(Problem statement)
Everything from the line with "May 1953 aerial" to the end of the entries should be set down exactly, except the pictures.

^^^^

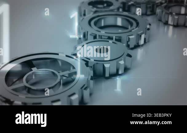 Animation of binary coding over cogs on white backgorund. global ...
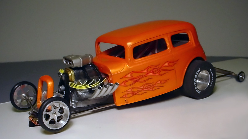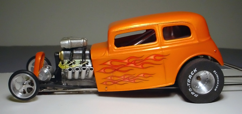Here's one of my favorite cars that I've built thus far, a pearl orange 1932 Ford Victoria altered drag car. The body is made of resin by Jimmy Flintstone. If you'd like to see all of the Flintstone bodies available, go here. I got the front grill (also made of resin) from the Model Car Garage.
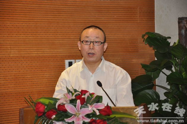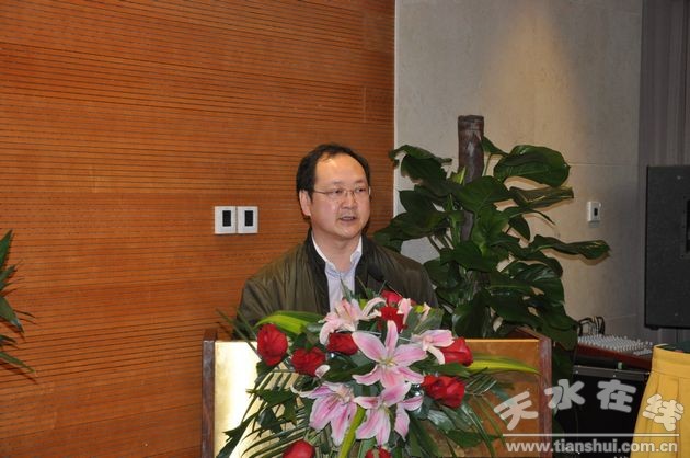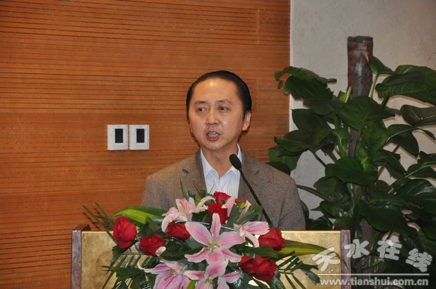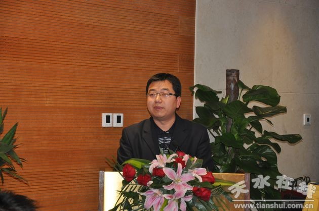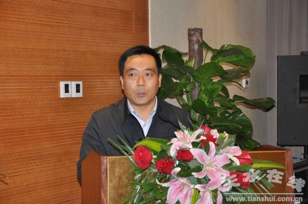 天水籍務(wù)工青年集中的西安企業(yè)代表,蘭環(huán)集團(tuán)董事長李天舉發(fā)言
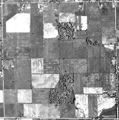 May 1953 aerial of the crash location shows no visual marks from the crash
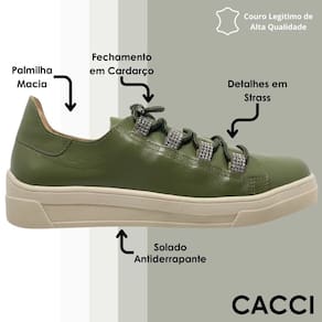 Eleva seu estilo com o Tênis Feminino Casual Conforto Couro Strass CACCI e descubra uma nova maneira de brilhar a cada passo. Adicione esse item essencial ao seu guarda-roupa hoje mesmo e descubra por que tantas mulheres estão escolhendo CACCI como sua marca de calçados preferida.
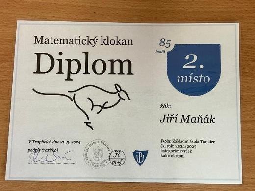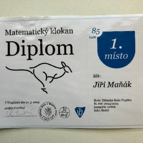Velkého úspěchu dosáhl Jirka Maňák, jelikož se se získanými 85 body umístil na opravdu skvělém druhém místě v okresním kole, do kterého se zapojilo 1 960 žáků.

^^^^

(Answer space)
 May 1953 aerial of the crash location shows no visual marks from the crash
 Eleva seu estilo com o Tênis Feminino Casual Conforto Couro Strass CACCI e descubra uma nova maneira de brilhar a cada passo. Adicione esse item essencial ao seu guarda-roupa hoje mesmo e descubra por que tantas mulheres estão escolhendo CACCI como sua marca de calçados preferida.
Velkého úspěchu dosáhl Jirka Maňák, jelikož se se získanými 85 body umístil na opravdu skvělém druhém místě v okresním kole, do kterého se zapojilo 1 960 žáků.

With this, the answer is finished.